O SUS (Sistema Único de Saúde) completou 35 anos da última sexta-feira (19) consolidado como o maior sistema público e gratuito de saúde do mundo. Por meio dele, qualquer pessoa tem acesso a atendimento de emergência, consultas, exames e cirurgias sem ter que pagar pelo serviço. Um exemplo de cuidado com o cidadão, que deve ser valorizado, ressaltado, respeitado e defendido.
Antes da implementação do serviço, em 1986, apenas os trabalhadores vinculados à Previdência Social recebiam atendimento em hospitais públicos – eram cerca de 30 milhões de beneficiados. Para o restante da população, a alternativa eram os serviços de caridade ou filantrópicos ou, ainda, o pagamento direto, como ocorre até hoje em outros países.
Atualmente, mais de 162 milhões de brasileiros utilizam exclusivamente o SUS para os cuidados com a saúde – o que representa 76% da população. O SUS promove 2,8 bilhões de atendimentos ao ano e tem à disposição mais de 3,5 milhões de profissionais em atuação.

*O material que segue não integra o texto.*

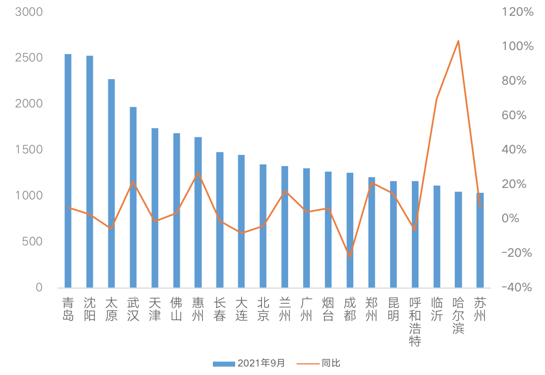 二線城市中,北部內(nèi)陸城市諸如沈陽、青島、太原9月末狹義庫存量均超2000萬平方米,位列本月末狹義庫存總量TOP3。同比來看,漲跌參半,漲幅超20%的主要是北部和中部等弱二線城市,鄭州、武漢、銀川、哈爾濱、南昌等,庫存積壓情況顯著。
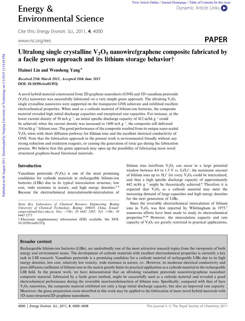 Because the electrochemical intercalation/de-intercalation of lithium ions into/from V2O5 can occur in a large potential window between 4.0 to 1.5 V vs. Li/Li , the maximum amount of lithium ions up to 3Li for every V2O5 could be intercalated, and thus a high specific discharge capacity of approximately 442 mAh g1 might be theoretically achieved.6 Therefore it is expected that V2O5 as a cathode material may meet the increasing demand of large capacities and high energy densities for the next generation of LIBs.

O SUS é referência em atendimento gratuito e se destaca também quando o assunto é produção e distribuição de vacinas, transplante de órgãos, doação de sangue, hemodiálise, bancos de leite e oferta de medicamentos – incluindo os de alto custo e para doenças raras, além dos tratamentos oncológicos, reabilitação dos pacientes e cuidados paliativos.
Nessa trajetória de sucesso, incluem-se ainda a criação do Samu (Serviço de Atendimento Móvel de Urgência), o programa Brasil Sorridente, e o programa Mais Médicos, entre tantos outros.
O governo federal agora investe no fortalecimento do complexo econômico-industrial da saúde e a expectativa agora é que em até dez anos 70% das necessidades do SUS em medicamentos, equipamentos e vacinas sejam produzidos no país.
Outro desafio para o sistema está no tempo de fila de espera para as consultas, exames, diagnósticos e cirurgias eletivas. Para essa questão, o governo aposta no programa Agora Tem Especialistas, que é focado nas áreas estratégicas de oncologia, cardiologia, ginecologia, ortopedia e otorrinolaringologia; e na expansão do telessaúde, que pode reduzir em até 30% o tempo de espera por atendimento especializado no SUS.
Além disso, prevê entrega de unidades básicas de saúde, salas de teleconsulta, unidades odontológicas móveis, policlínicas, maternidades e Caps (Centros de Atenção Psicossocial) e ambulâncias.
O Sistema Único de Saúde deve ser motivo de orgulho. Por tudo o que oferece e por ser gratuito, é a maior conquista social do Brasil.